◆ Problem description
Can you quote exactly the stretch of lines from the one with "Ator vai interpretar a personagem Heródes" through the final line of the material, both ends included?

◆ Records for this exercise
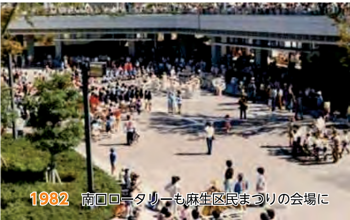
1982 南口ロータリーも麻生区民まつりの会場に
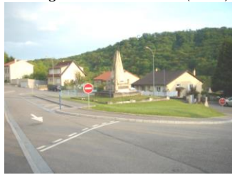
Aménagement carrefour Rue de Gorze (2005)
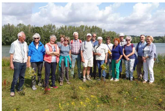
de 15 vrolijke wandelaars
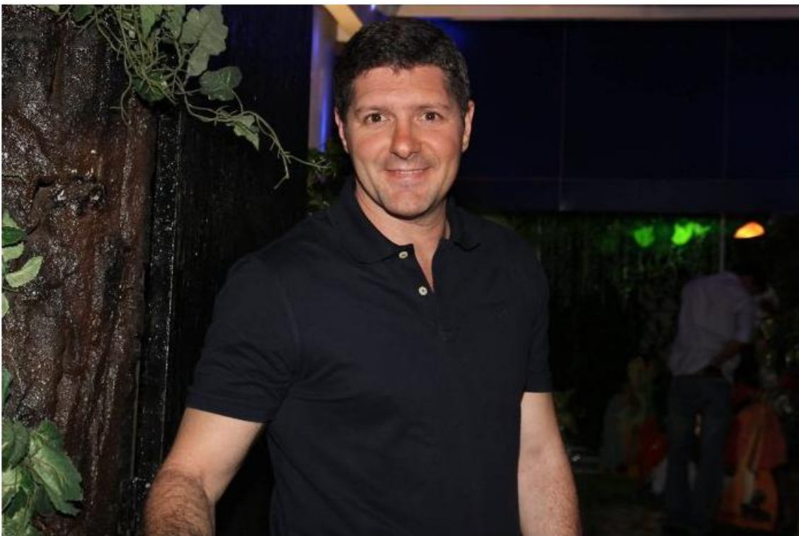
Ator vai interpretar a personagem Heródes

Mais de 30 mil pessoas devem acompanhar a encenação dos últimos dias de Jesus Cristo na Terra

◆ Result of the task
Ator vai interpretar a personagem Heródes

Mais de 30 mil pessoas devem acompanhar a encenação dos últimos dias de Jesus Cristo na Terra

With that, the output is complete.